Wannabe Officer

#1
Intro as is mandatory, I attended AOSB for the first time and 'just' missed out on a pass having literally borderline passed everything but still seen as 'just' too high a risk for Sandhurst, I was advised to try again in 9 months time.

Being fully aware that you only receive 2 chances at AOSB in your lifetime, I spoke to my CSM and he recommended that I enlist as a regular, gain soldier and leadership experience and then try the officer route again, whilst giving myself the best possible shot at it.

The CSM advised it would be a simple process where I inform the CoC that I want to do it, and apply as is normal on the British Army website and he also said that I can do this at any time I like after training, however he recommended that I at least stay for a couple of years in my unit as a soldier.

Attended my AC, received a high A and was advised to go down the officer route in my final interview, which was obviously frustrating feedback as it was clearer to me that I could have done better at AOSB which was disappointing. So, I start basic at Pirbright in Nov as a Surveyor for the RE.

Having done plenty of research on multiple websites including the forums on here, I have come across a lengthy process for the "Late-entry" route to officer with no mention to the (assumed up-to-date) simple apply online process.

I would like to know if it is as simple as the CSM said, apply online like a civvy would whenever I like and just inform my CoC, like you would to a civvy employer (get a reference etc) or would you have to go down the potential officer development course etc. route that the late entry process states and be recommended by your CoC etc etc.?

All help is appreciated, been on the forum a while now giving and taking, this is a question I should have asked a while ago.
 

crustyrusty

On ROPS
On ROPs
#2
Why do you want to be an Officer?
You will probably do more hands-on work as a soldier and gain good qualifications.
Officers lead the men, so more management in some RE trades?
Then say in x years time apply for a commission as an experienced RE soldier with good trade Quals.
 
#4
Why do you want to be an Officer?
You will probably do more hands-on work as a soldier and gain good qualifications.
Officers lead the men, so more management in some RE trades?
Then say in x years time apply for a commission as an experienced RE soldier with good trade Quals.
The main reason I wanted to join the army was to lead and to learn to lead better.

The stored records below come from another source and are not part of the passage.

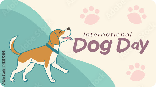 Invitation celebrating National Dog Day 26 august banner vector flat illustration. Various cute doggy posing isolated on gray background. Promo for holiday of domestic animal competition collection
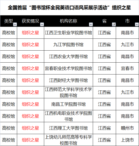 我校图书馆因在此次活动中组织得力,荣获全国首届“图书馆杯全民英语口语风采展示活动”组织之星称号。
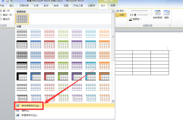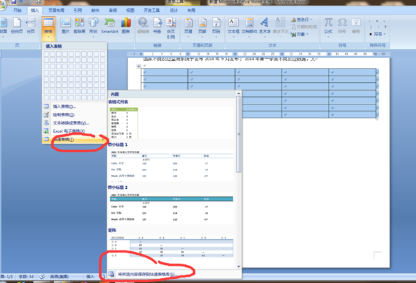 2010word如何将新创建的表格以"简明型3"为样式标准
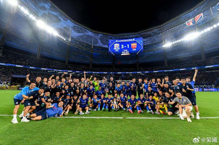 北京时间8月17日晚,中超第23轮焦点大战,上海申花在主场3-1逆转战胜上海海港。赛后,吴曦在微博晒出球队大合照庆祝取胜。
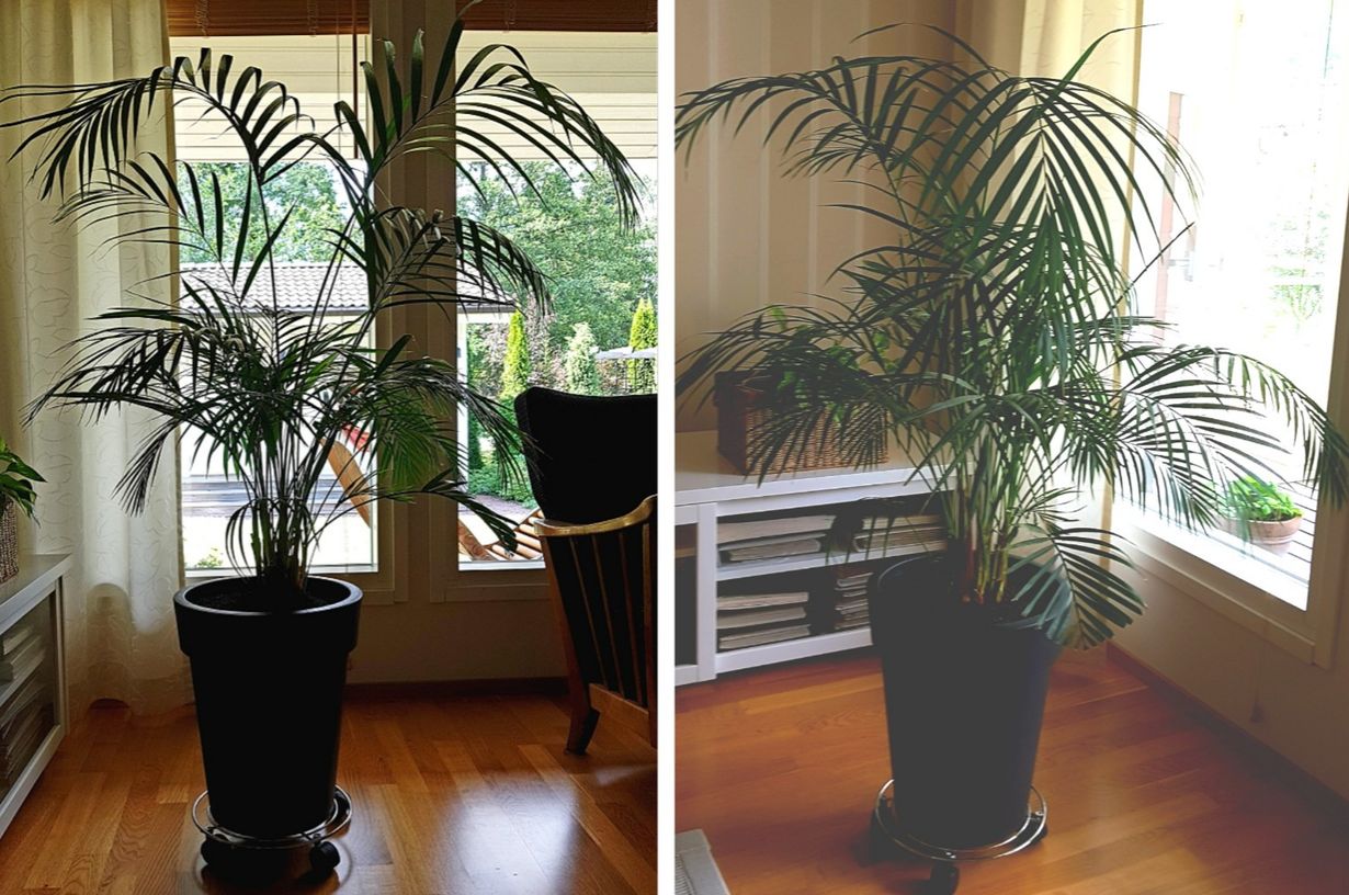Ostinkohan tämän KULTAPALMUn 2017 tai 2018. Kun en löytänyt mieleistä altakasteluruukkua tein tähän ruukkuun salaojituksen reilulla kerroksella lecasoraa, jonka päälle leikkasin juurikangasta. Sitten vasta lisäsin altakastelumultaa johon istutin ison viherkasvin. Hyvin on viihtynyt.
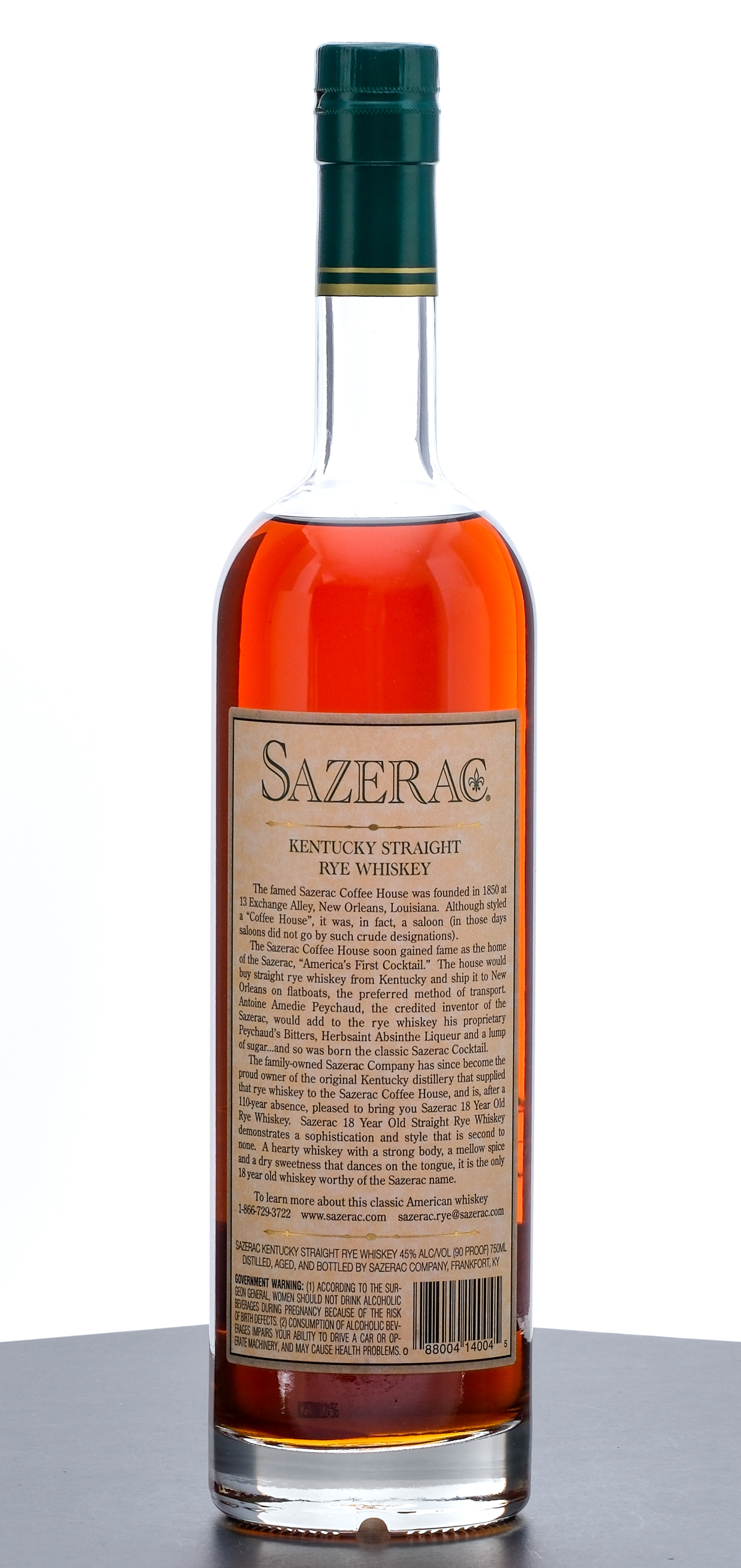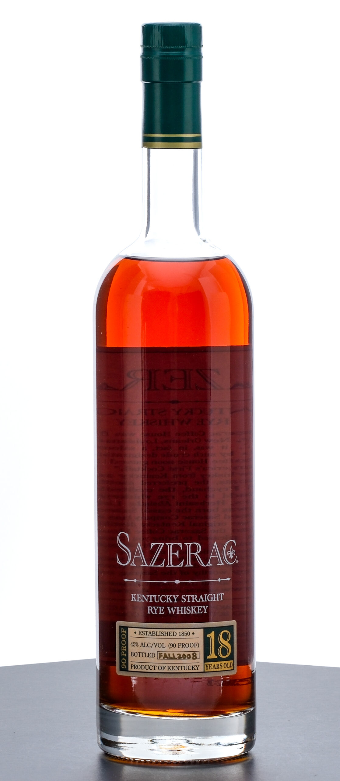 From The Collection of Michael Aronoff: Sazerac 18 Year Kentucky Straight Rye Whiskey. Bottled Fall 2008. 45% ALC/VOL (90 Proof.) Laser Code (characters crowded together) believed to read: K2530612:56. Foil seal excellent. Screened and printed labels likewise excellent. 750ml. Distilled, aged & bottled by Sazerac Company.
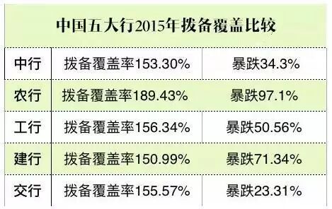 建行危险,拨备覆盖率暴跌71..99%。农行拨备覆盖率虽远超其余四大行,但跌幅高达97.1%。拨备覆盖率直接关系到银行的风险是否可控。
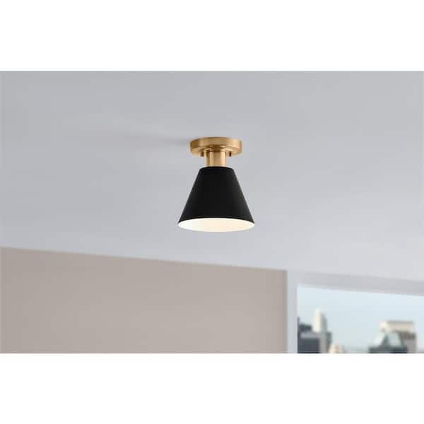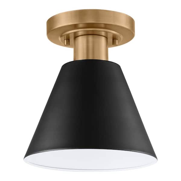 Finley 8 in. 1-Light Black and Brass Semi-Flush Mount Ceiling Light Fixture with Metal Shade
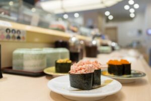 ▶サーモンの卵の軍艦=味付けしたご飯を海苔で囲み、サーモンの卵をのせた寿司で、オメガ3、ビタミンB12、ビタミンD、セレンが豊富な栄養価の高い種類だ。
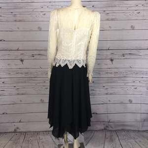 Beautiful long sleeved dress With cream embroidered lace bodices With built in camisole. Black asymmetrical chiffon like skirt, fully lined, this outfit is all one piece.
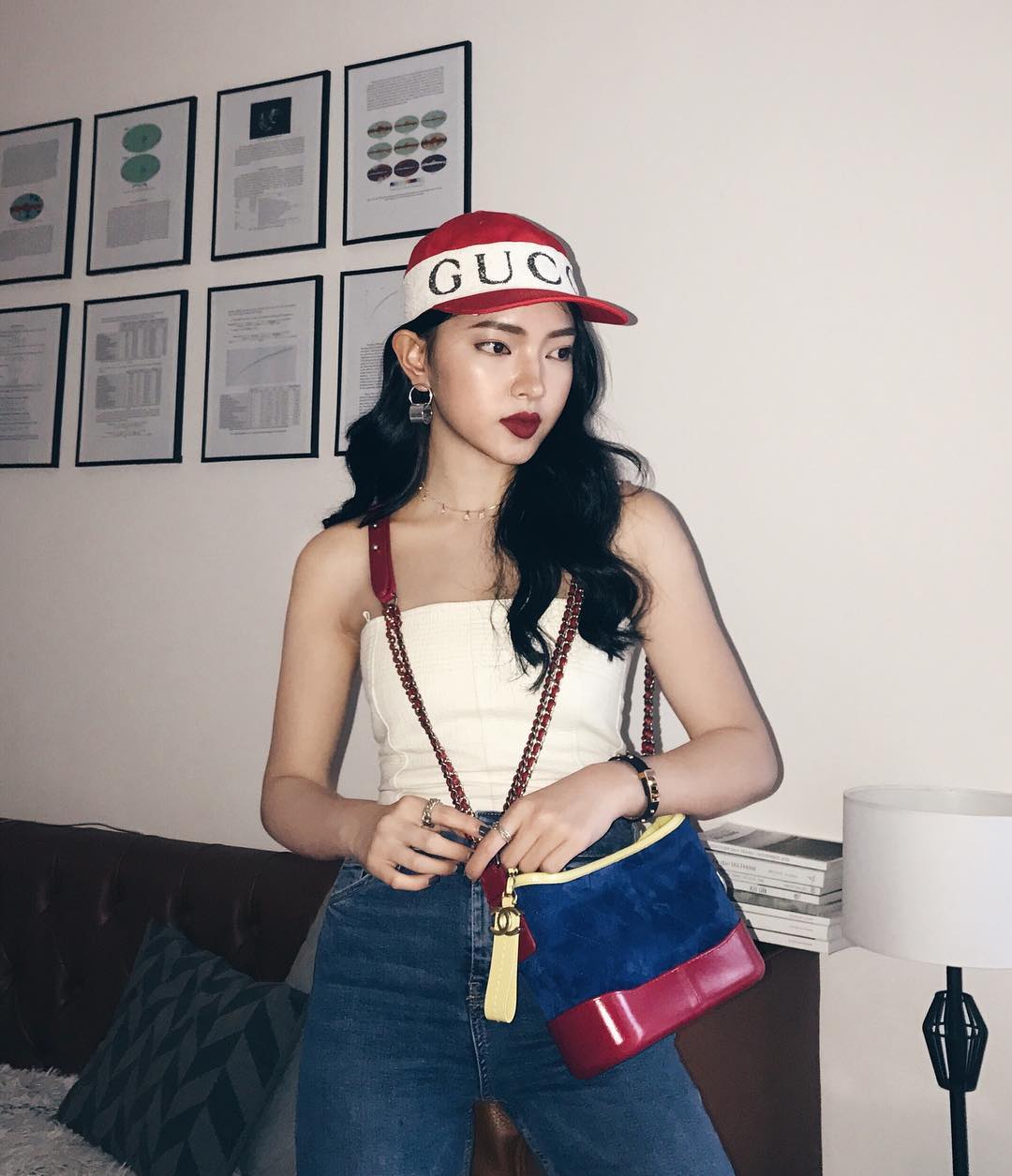 Nón Gucci cùng túi đeo hông cùng thương hiệu, còn ai sành điệu, chất chơi hơn Trâm cơ chứ.

A change of career and a few industry-relevant qualifications were a bonus to that, however not essential as I would get myself a relevant degree whether or not funded by the tax payer.

You have a similar mantra to my former CSM in that, gain experience and go on to commission which made complete sense and is a path I am currently undertaking.

However, it is simply the process and how 'simple' it is of commissioning from the ranks as my CSM seemed to think you just apply online like a civvy would on the website etc etc as explained above.
 
#5
The main reason I wanted to join the army was to lead and to learn to lead better.

A change of career and a few industry-relevant qualifications were a bonus to that, however not essential as I would get myself a relevant degree whether or not funded by the tax payer.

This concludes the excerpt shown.